Engenharia de harness para agentes com Claude: roteiro de 14 passos de um único agente para um sistema de autoaprimoramento.

@0xCodez
INGLÊShá 1 mês · 16 de jun. de 2026
116K
689
111
27
1.3K

TL;DR

Este guia de 14 passos explica como construir um harness profissional para agentes de IA usando o Claude, cobrindo configuração de ambiente, subagentes e memória persistente para criar sistemas que realmente se tornam mais inteligentes com o tempo.

Todo mundo fala sobre loops. Quase ninguém fala sobre o que o loop executa. 9 em cada 10 desenvolvedores rodam o Claude Code no ambiente padrão - sem regras, sem subagentes, sem hooks, sem memória.

Depois se perguntam por que o loop produz porcaria.

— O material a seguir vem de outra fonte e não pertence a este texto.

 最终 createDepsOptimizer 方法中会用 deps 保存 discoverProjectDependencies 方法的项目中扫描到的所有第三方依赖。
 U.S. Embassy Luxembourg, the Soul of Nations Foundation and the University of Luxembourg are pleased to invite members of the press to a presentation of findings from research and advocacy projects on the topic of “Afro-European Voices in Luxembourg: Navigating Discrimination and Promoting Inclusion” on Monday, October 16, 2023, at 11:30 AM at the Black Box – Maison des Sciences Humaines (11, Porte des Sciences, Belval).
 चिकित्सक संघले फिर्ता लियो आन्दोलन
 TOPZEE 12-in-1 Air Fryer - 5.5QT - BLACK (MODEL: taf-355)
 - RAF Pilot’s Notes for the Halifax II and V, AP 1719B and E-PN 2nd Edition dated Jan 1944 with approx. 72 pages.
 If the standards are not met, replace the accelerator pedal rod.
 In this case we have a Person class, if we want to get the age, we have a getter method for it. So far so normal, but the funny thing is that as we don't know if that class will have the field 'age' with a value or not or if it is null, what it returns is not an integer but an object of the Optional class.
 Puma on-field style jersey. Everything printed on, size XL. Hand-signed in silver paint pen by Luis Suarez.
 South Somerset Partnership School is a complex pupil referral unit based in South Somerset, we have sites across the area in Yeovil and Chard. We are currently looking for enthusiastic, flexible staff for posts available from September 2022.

A verdade é simples: um loop é tão bom quanto o ambiente de execução (harness) abaixo dele. Este é o roteiro de 14 passos para o ambiente de execução - de um único agente a um sistema que se auto aprimora.

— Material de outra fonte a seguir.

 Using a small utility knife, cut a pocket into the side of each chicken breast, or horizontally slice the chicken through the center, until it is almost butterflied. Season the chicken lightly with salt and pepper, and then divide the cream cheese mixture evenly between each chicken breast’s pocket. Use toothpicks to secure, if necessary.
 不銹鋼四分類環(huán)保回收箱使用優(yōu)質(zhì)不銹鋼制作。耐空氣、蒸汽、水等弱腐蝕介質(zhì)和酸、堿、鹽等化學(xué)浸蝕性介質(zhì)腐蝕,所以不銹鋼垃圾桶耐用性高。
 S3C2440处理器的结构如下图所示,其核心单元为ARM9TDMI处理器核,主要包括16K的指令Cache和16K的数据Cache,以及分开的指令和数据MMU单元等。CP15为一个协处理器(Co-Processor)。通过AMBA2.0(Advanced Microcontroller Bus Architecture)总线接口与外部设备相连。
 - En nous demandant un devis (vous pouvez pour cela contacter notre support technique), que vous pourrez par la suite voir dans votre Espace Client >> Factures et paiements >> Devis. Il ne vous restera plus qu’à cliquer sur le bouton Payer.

Siga meu Substack para receber dicas frescas de IA:

movez.substack.com

A engenharia de loops - construir um sistema que agenda prompts para seu agente - recebeu toda a atenção este mês. Mas Addy Osmani, que escreveu o artigo detalhado sobre loops, fez questão de apontar o que está por baixo disso:

“A engenharia de loops fica um andar acima do ambiente de execução (harness). O harness é o ambiente no qual um único agente opera. O loop é o harness, mas executado em um cronômetro, que gera ajudantes e se alimenta.”

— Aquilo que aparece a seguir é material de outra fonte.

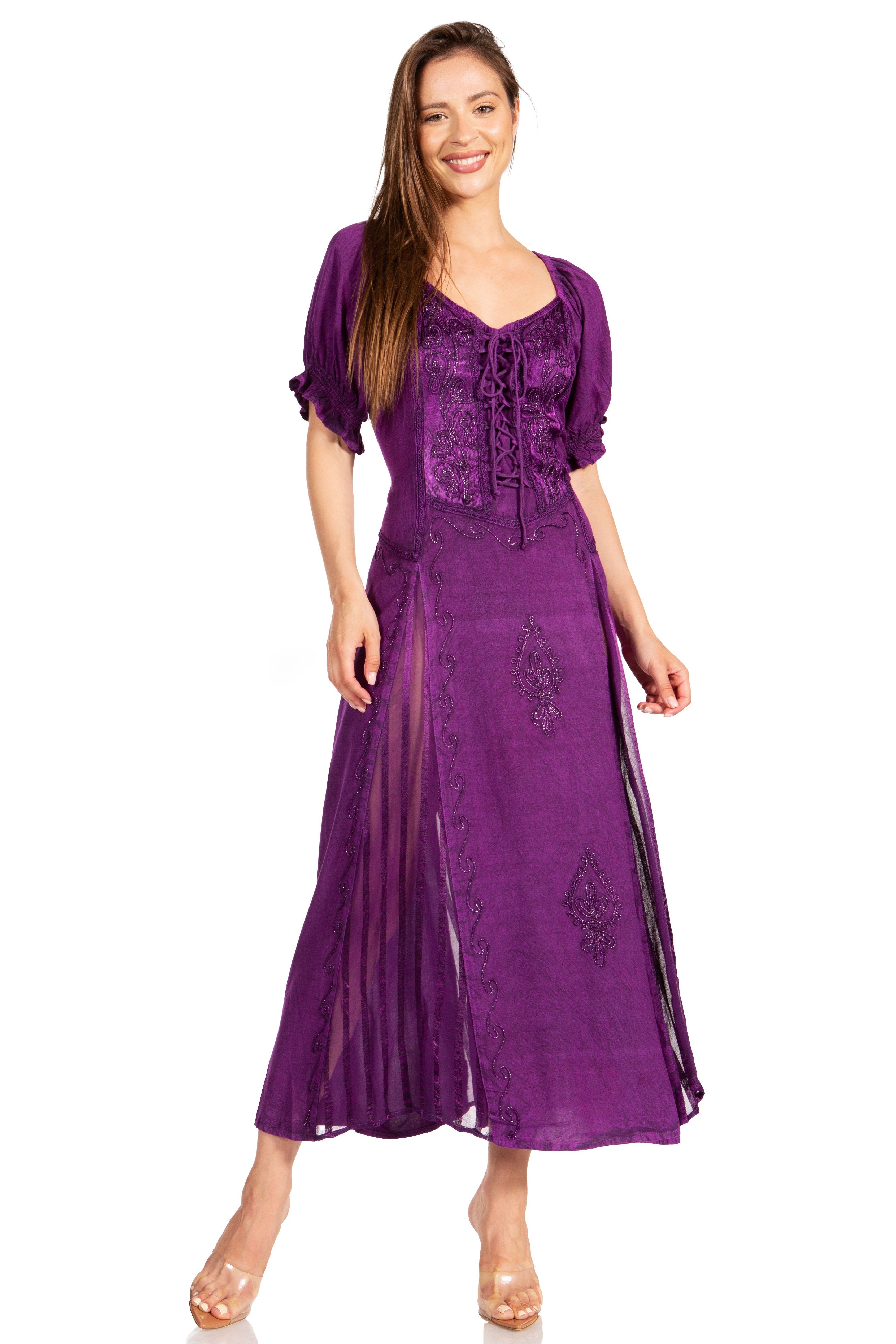 Sakkas' stonewashed rayon dresses feature delicate embroidery, beautiful rich colors and easy comfortable style. Enjoy wearing a flattering feminine dress without sacrificing comfort!
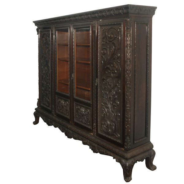 • Grande armário vitrine Book case, em madeira nobre, de formato retangular, profusamente esculpido e ornado com almofadas, frisos florais e painéis realçados por composições com ramos floridos. Frente apresentando 4 portas, sendo 2 laterais centralizando estante com parte superior envidraçada revelando prateleiras internas. Frontão saliente e reto, decorado por friso estilizado. Base com saia ondulada, apoiada sobre pés baixos e revirados em volutas. 191 x 234 x 48 cm. Este lote encontra-se na casa do comitente no Alto da Boa Vista, SP. A retirada deverá ser agendado previamente com o nosso escritório no telefone 11.5044.1228.
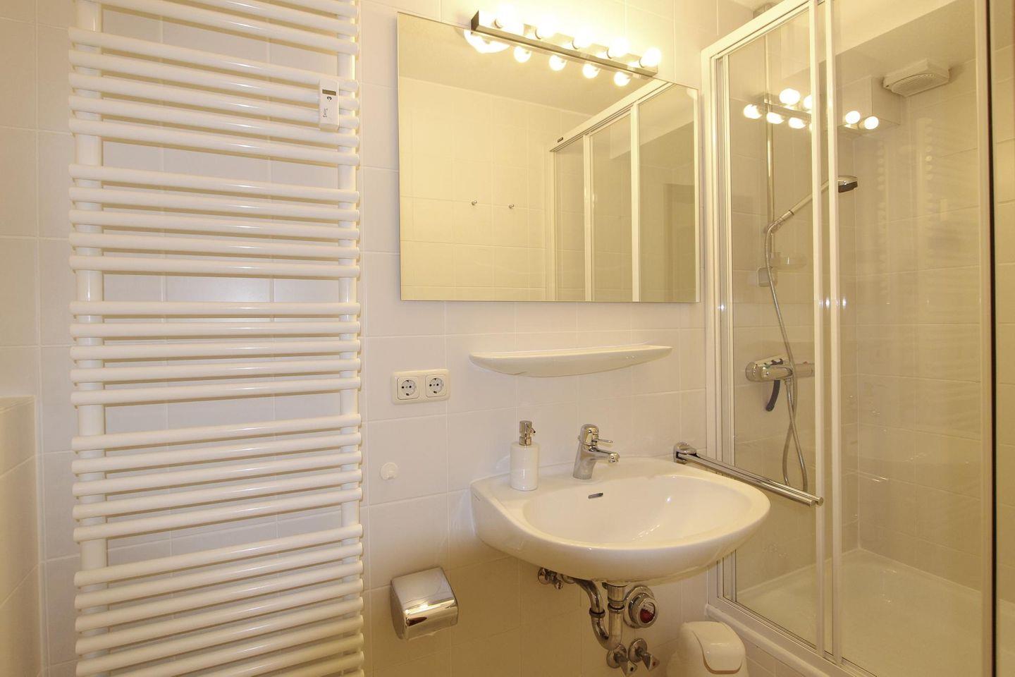 Das Duschbad mit WC grenzt an den Schlafraum an. Somit können Sie direkt erfrischt in den Urlaubstag starten. Im Keller des Hauses stehen Waschmaschine und Trockner als Münzgeräte zur Verfügung.

A engenharia de harness é projetar esse ambiente: o modelo, as ferramentas, as permissões, o contexto, a memória.

É a camada sem glamour - e é ela que decide se tudo acima dela funciona. Um ótimo loop em um harness ruim é uma maneira rápida de produzir lixo em escala.

Codez - inline image

14 passos. 3 níveis. A base sobre a qual tudo o mais se sustenta.

Parte 1 · O que é o Harness

01. Um harness é o ambiente onde um único agente opera.

Deixando o jargão de lado, um harness é composto por quatro coisas: o modelo que pensa, as ferramentas que ele pode usar, as permissões dessas ferramentas e o contexto que ele lê no início de cada execução.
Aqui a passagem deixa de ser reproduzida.